Third, we used DyNet Analyzer (3) to compare the the networks in healthy and IBD states. The results are visualized in Fig. 5 where: green edges represent edges present only in healthy network; red edges represent edges present only in IBD network; and gray edges represent edges present in both networks. DyNet also associates a rewiring score with each node that quantifies the amount of change in the identity of the node interacting neighbors. We then ranked nodes by their DyNet score and generated a subnetwork of the top 20 nodes (See Fig. 6). Interestingly, 13 out of 20 nodes form a single connected module. In this module, two nodes corresponding to corynebacterium genera and Rhodocyclaceae family have the highest node degrees of 5 and 4 (respectively). Figure 5: DynNet Analyzer. Healthy (green) and IBD (red).

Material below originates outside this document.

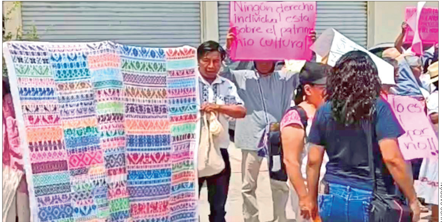
PROTESTAS. Artesanos mantienen inconformidad por el tema de la muñeca Nxutsi.

Dijo que con esta tecnología la proyección es tener un enlace con el sistema C5i para coadyuvar con la labor del estado y la federación para la ubicación de vehículos robados, asimismo dijo, que aun cuando es un proyecto de Actopan, también serán beneficiados municipios de la región. (Hugo Cardón Martínez)

Figure 6: Subnetwork of top 20 varying nodes determined using DyNet score.

References:

[1] Assenov, Yassen, et al. “Computing topological parameters of biological networks.” Bioinformatics 24.2 (2007): 282-284.

[2] Bader, Gary D., and Christopher WV Hogue. “An automated method for finding molecular complexes in large protein interaction networks.” BMC bioinformatics 4.1 (2003): 2.

[3] Goenawan, Ivan H., Kenneth Bryan, and David J. Lynn. “DyNet: visualization and analysis of dynamic molecular interaction networks.” Bioinformatics 32.17 (2016): 2713-2715.